For continuous sample statistics, we choose an alpha level, and we can see the critical value in the null distribution. The alpha level of 5% is the area under the curve of the null distribution on the outside of the critical values. The power is the area under the alternative distribution that is on the outside of the critical values. 

The reasoning is again the same as in the discrete case, when we use categorical sample statistics. We first determine our desired alpha and power, make sure our sample size is large enough to get the desired power, for our effect size of interest. Then, when we collect our data, we can calculate our test statistic and determine if we can reject the null hypothesis or not, being confident that we will be wrong in our conclusion in 5% of the cases, and that we will be right in 80% of the cases when the alternative hypothesis is actually true.

#### How to determine sample size

As stated in @sec-power about the power of a test, we already considered that we do not know the parameter for the alternative distribution and that we therefore also don't know the true effect size. We stated that you can make an educated guess about the true effect size based on previous research, theory, or other empirical evidence.

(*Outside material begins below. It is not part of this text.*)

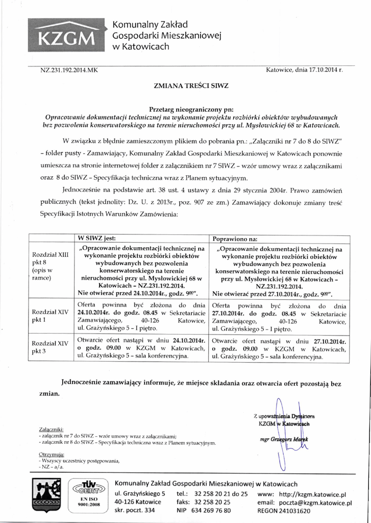 Komunalny Zaktad Gospodarki Mieszkaniowej w Katowicach Katowice, dnia 17.10.2014 r. N2.23"t."t92.20"t 4.MK ZMIANA TRESCI SIWZ Przetarg nieograniczony pn: Oprucozuanie ilokumentacji techtticznej na zuykonanie projektu rozbi6rki obiekt6w wybuilowanych bez pozzaolenia konseru;atorskiego na tererrie nienrchomo1ci przy ul. Myslozuickiej 68 zn Katouicach. W zwi4zku z blgdnie zamieszczonym plikiem do pobrania pn.: ,,ZalEcznlki nr 7 do 8 do SIWZ" - folder pusty - Zamawiajqcy, Komunalny Zaklad Gospodarki Mieszkaniowej w Katowicach ponownie umieszcza na stronie intemetowej folder z zal4cznikiem nr 7 SIWZ - wz6r um owy wraz z zal4czrikami oraz 8 do SIWZ - Specyfikacja techniczna wraz z Planem sytuacyjnym. fednocze5nie na podstawie art. 38 ust. 4 ustawy z dnta 29 stycznia 2004r. Prawo zamowieri publicznych (tekst jednolity: Dz. U. z 2013r., poz. 907 ze zm.) Zamawiai4cy dokonuje zmiany tresi Specy fikacii Istotnych Warunk6w Zam6wienia: W SIWZ jest: Rozdzial XIll pkt 8 (opls w ramce) .,Opracowanie dokumentacji technicznej na wykonanie proiektu rozbi6rki obiekt6w wybudowanych bez pozwolenia konserwatorskiego na terenie nieruchomo5ci przy ul. Myslowickiei 68 w KatowicAch - N2.237.792.2074. Nie otwierad prued U,1O,2014r., godz. W" . ,,Opracowanie dokumentacji technicznel na wykonanie proiektu rozbi6rki obiekt6w wybudowanych bez pozwolenia konserwatorskiego na terenie nieruchomoSci przy ul, Myslowickiej 58 w Katowicach N2.231.192.2074. Nie otwierad prze d 27.70.2014r., godz. W" . Oferta powinna byt zlo2ona do dnia Oferta powinna byt zloLona do dnia 24.10.2O1,4r. do godz. 08.115 w Sekretariacie 27.1O.2074t. do godz. 08.45 w Sekretariacie Zamawiai4cego, 40-726 Katowice, Zamawiai4cego, 40-126 Katowice, Rozdzial XIV pkt Poprawiono na: 1 Rozdzial XIV pkt 3 ul. Gra2yriskiego 5 - I pigtro. ul. Gra2yriskiego 5 - I pietro. Otwarcie ofert nast4pi w dniu 24.10.2014r. o godz. 09.00 w KZGM w Katowicach, ul. Gra2ynskiego 5 - sala konferencyjna. Otwarcie ofert nast4pi w dniu 27.10,2014r. o godz. 09.00 w KZGM w Katowicach, ul. Gra2yriskiego 5 - sala lonferencyina. Jednocze6nie zamawiai4cy informuje, 2e mieisce skladania oraz otwarcia ofert pozostai4 bez zmran. Zalaczniki: - zalQcznik nr 7 do SIWZ - wz6r umowy wraz z zalEcznikami; - z-alacznik nr 8 do SIWZ - Specyfikac.ja techniczna wraz z planern sytuacyinym. Otrzymuia: - Wszyry uczestnicy postgpowania, - NZ - a/a. f-,=;t1v11 \\CGlGtrl/ I I i._ rso *t'* r:N I I ,.,1 Komunalny Zaklad Gospodarki Mieszkaniowej w Katowicach uf . Graiyiskiego tel.: 32 258 20 2f do www: http://kzgm.katowice.pl 40-125 Katowice faks: 32 2582025 email: [email protected] 5 skr. poczt. 334 25 NfP 534 269 76 AO REGON 241031620

In research you can take these assumptions into account by conducting a power analysis. A power analysis is a statistical method to determine the sample size you need to get a desired power for a given effect size. 

It can be difficult to specify the effect size that we should expect or that is practically relevant. If there is little prior research comparable to our new project, we cannot reasonably specify an effect size and calculate sample size. Though, if there are meta analyses available for your research topic of interest or you have the effect sizes from a few previous studies, you can use programs such as G\*Power to calculate the sample size you need to get a desired power for a given effect size. G\*Power is a stand alone program that can be downloaded for free from the internet, and is specifically designed to calculate the required sample size for a wide range of statistical tests.

> Download [G\*Power here](http://www.gpower.hhu.de/)

In G\*Power you can specify the test you want to conduct, the effect size you expect, the alpha level you want to use, and the power you want to achieve. G\*Power will then calculate the sample size you need to get the desired power for the given effect size.

For our candy color example, we can use G\*Power to calculate the sample size we need to get a power of 80% for a given effect size of .3. 

![Power analysis in G*Power for a binomial distribution](figures/g-power.png){#fig-g-power width=400 fig-align="left"}

In @fig-g-power you can see that for the binomial test we have set the proportion p1 to .5 ($H_0$) and the proportion p2 ($H_A$) to .2, indirectly setting the effect size to .3. We have set the alpha level to 5% and the power to 80%. By hitting the calculate button, G\*Power will calculate the sample size we need. In this case we need 20 candies in the bag to get a power of 80%. The plot shows exactly the same information as in @fig-twobinomN20, though with lines instead of bars.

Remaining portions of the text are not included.